Support Questions

Find answers, ask questions, and share your expertise

Fair scheduler preemption and resource pools weights



Let me start with the question first: is the fair scheduler preemption supposed to preempt resource to respect the instantaneous fair share of each queue/pool or not?

I have a YARN cluster with two pools:

  • default (weight: 1 and no preemption) - used by low priority jobs
  • high (weight 9 and 60s. of FairSharePreemptionTimeout with FairSharePreemptionThreshold set to 1.0) - used by a critical application


<?xml version="1.0" encoding="UTF-8" standalone="yes"?>
    <queue name="root">
        <queue name="default">
        <queue name="high">
        <rule name="specified" create="false"/>
        <rule name="user" create="false"/>
        <rule name="default"/>

In the last three days I had the following issue:

  1. The cluster is empty
  2. An user submit a Spark application in the default queue, using all the cluster resources.
  3. An user submit a Spark applicaiton in the high queue. Potentially this application wants to use all the cluster resources.
  4. The high application waits for 60second for the preemption timeout
  5. The preemption kicks in and removes some containers from the default application
  6. Now I have the two pools/queues with 50/50 default/high, or even 30/70 default/high


Is this the expected behaviour? Why the final resource ratio does not respect the weights? I was expecting a 10/90 given the weights...
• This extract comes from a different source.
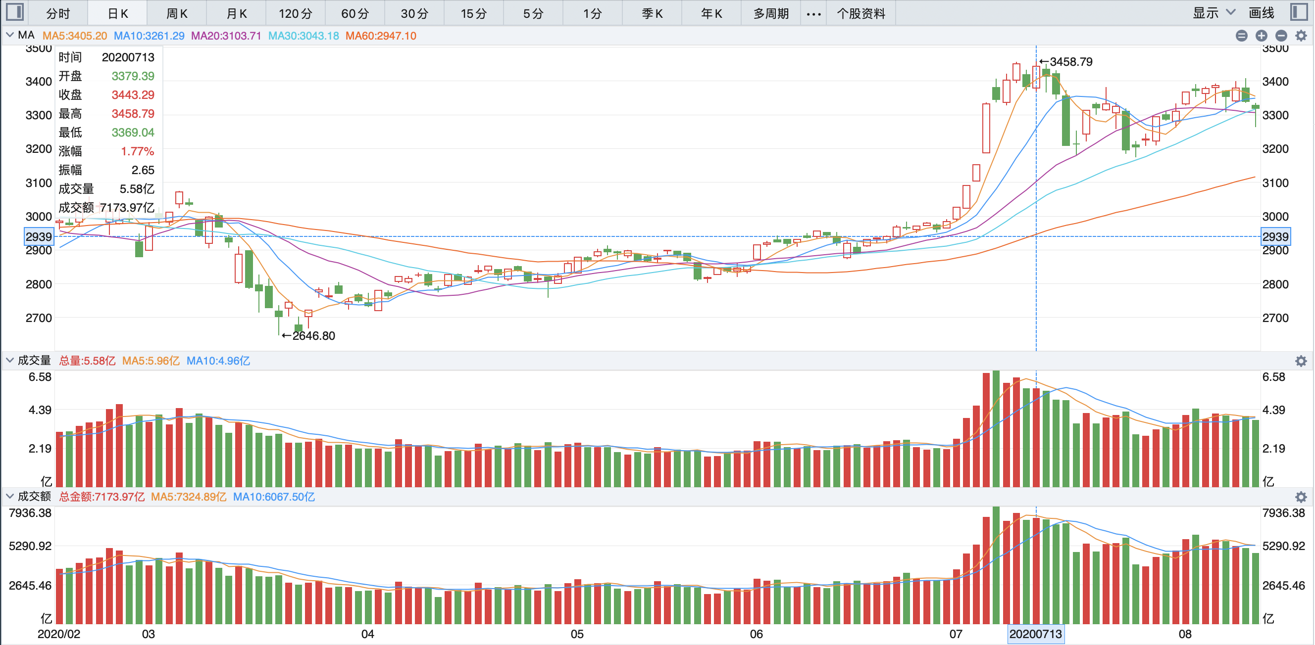 此轮小牛市中,上证指数从2020年3月19日最低点2646.8,到2020年7月13日最高点3458.79,历时4个月,涨幅30.7%。上证指数日k线如下图所示:

This issue occured with real jobs, but I also managed to reproduce it with a simple spark-shell:


  1. Launch a job in the default queue with: spark-shell --master yarn --num-executors=50 --executor-memory=30G --executor-cores=10 --queue default (the number of executor/cores/memory is very high just to max the cluster)
  2. After the job fills the cluster resources i launch a job in the high priority queue: spark-shell --master yarn --num-executors=50 --executor-memory=30G --executor-cores=10 --queue high
  3. I wait for 60s for the preemption.
  4. The final resource distribution is 50/50 (default/high)






I don't have anything to back up but by my experience this is expected. Weights are a percentage and overall the Fair Scheduler works to ensure equal share. There are other settings you can use to ensure that the high queue gets more but with just this I would expect that both jobs get roughly half of the resources.

This would obviously change if more jobs were added to either queue or if you have more than just two queues.